From bent hands and incorrect saddle adjustment
Of course, at first glance, the ergometer resembles a classic bicycle. But the fitness device is becoming more and more popular as the wire bike, which is to be led on the street. Whether in fitness studios or for home use, many different ergometers are offered, but they should be adjusted to the individual circumstances, so that a correct training can take place. This is necessary so that, for example, the notorious bent hand does not arise. When using an ergometer, the hands should always be considered an extension of the forearm. They should therefore not bend in any way, either upwards or downwards. If this point is not taken into account, it can lead to joint pain in the long run, which is neither desirable nor beneficial.
However, it is not only the hand and arm position that is important for training with the ergometer.

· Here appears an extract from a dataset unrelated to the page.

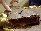 Pour batter into the piecrust; you will have about 1 cup of left-over batter. Place pie in oven on middle rack. Bake for 1 hour and 15 minutes to 1 hour and 25 minutes, or until the pie is crisp on top and a knife inserted in the center comes out with just a bit of moist chocolate on it.

The saddle should always be adjusted to the personal size. If the saddle is too low, for example, the leg muscles cannot be sufficiently exercised during use. Much more, the knee joints are overloaded, which can have equally painful effects. A good rule of thumb is that the thighs should not reach more than a 90° angle with the lower legs when using the pedals. The best way to check this condition is on the ergometer itself. For this purpose, the angle between the thighs and lower legs should not exceed 170° in the stretched state. If this is the case, however, the saddle must be corrected and in this case set lower.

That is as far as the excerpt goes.